Exactly Who is Delivering Postal Ballots? and Do We Care?

An esteemed colleague noted the news of the USPS stopping weekend delivery, as part of a trend of slow demise of the USPS, and asked: will we get to the point where vote-by-mail is vote-by-Fedex? And would that be bad, having a for-profit entity acting as the custodian for a large chunk of the ballots in an election?

The more I thought about it, the more flummoxed I was. I had to take off the geek hat and dust off the philosopher hat, looking at the question from a viewpoint of values, rather than (as would be my wont) requirements analysis or risk analysis. I goes like this …

I think that Phil’s question is based on assumption of some shared values among voters — all voters, not just those that vote by mail — that make postal voting acceptable because ballots are a “government things” and so is postal service. Voting is in part an act of faith in government to be making a good faith effort to do the job right, and keep the operations above a minimum acceptable level of sanity.
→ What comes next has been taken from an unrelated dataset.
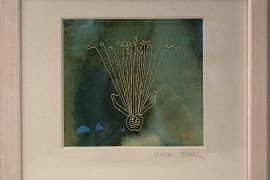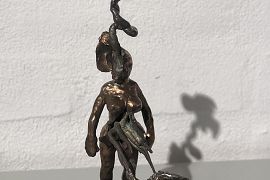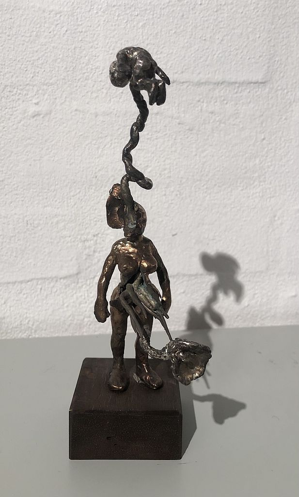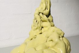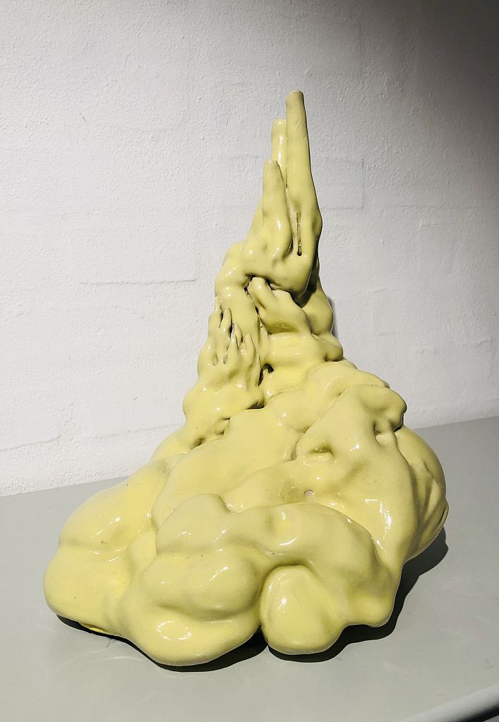 "Primordial soup #17" af Lene Winther, 31 x 25 x 31 cm., gul glasur og stentøj

It “feels OK” to hand a marked ballot to my regular neighborhood post(wo)man, but not to some stranger dropping off a box from a delivery truck. Translate from value to feeling to expectation: it’s implied that we expect USPS staff to know that they have a special government duty in delivering ballots, and to work to honor that duty, regarding the integrity of those special envelopes as a particular trust, as well as their timely delivery.
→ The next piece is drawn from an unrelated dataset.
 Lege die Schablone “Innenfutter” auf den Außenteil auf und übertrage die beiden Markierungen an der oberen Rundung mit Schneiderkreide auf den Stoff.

  • Having re-read all that, it sounds so very 20th century, almost as antique as lever machines for voting.

I don’t really think that USPS is “the government” anymore, not in the sense that the journey of a VBM ballot is end-to-end inside a government operation. I’m not sure that Fedex or UPS are inherently more or less trustworthy. In fact they all work for each other now! And certainly in some circumstances the for-profit operations may to some voters feel more trustworthy — whether because of bad experiences with USPS, or because of living overseas in a country that surveils US citizens and operates the postal service.

Lastly, I think that many people do share the values behind Phil’s question — I know I do. The idea makes me wobbly. I think it comes down to this:

  • If you’re wobbly on for-profit VBM, then get back into the voting booth, start volunteering to help your local election officials, and if they are effectively outsourcing any election operations to for-profit voting system vendors, help them stop doing so.
  • If you not wobbly, then you’re part of trend to trusting — and often doing — remote voting with significant involvement from for-profit entities – and we know where that is headed.
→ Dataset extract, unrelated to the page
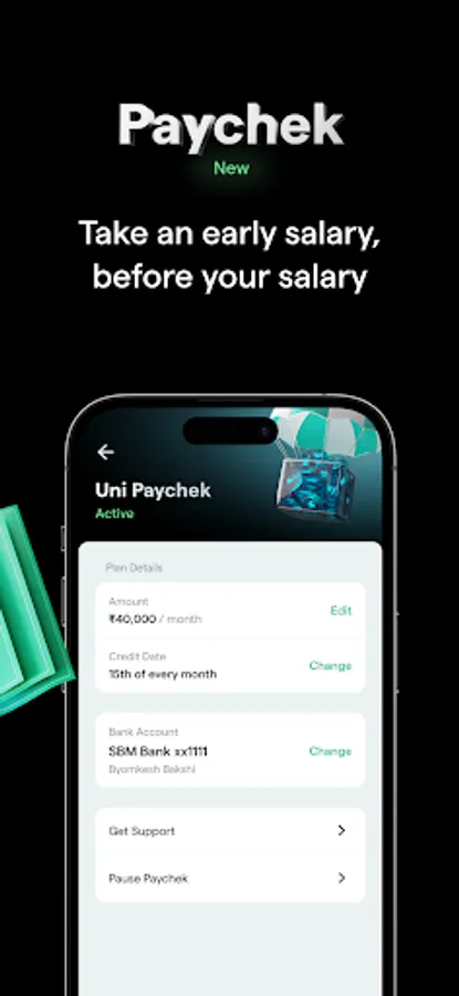 Receive a fixed credit of up to ₹100,000 every month. Sent directly to your bank account. Just like a salary before your salary.

The issue with USPS shows that in the 21st century, any form of remote voting will involve for-profits, whether it is Fedex for VBM, or Amazon cloud services for i-voting. My personal conclusions:

  • Remote voting is lower integrity no matter what, but gets more people voting because in-person voting can be such a pain.
  • I need to my redouble efforts to fix the tech so that in-person voting is not only not a pain, but actually more desirable than remote voting.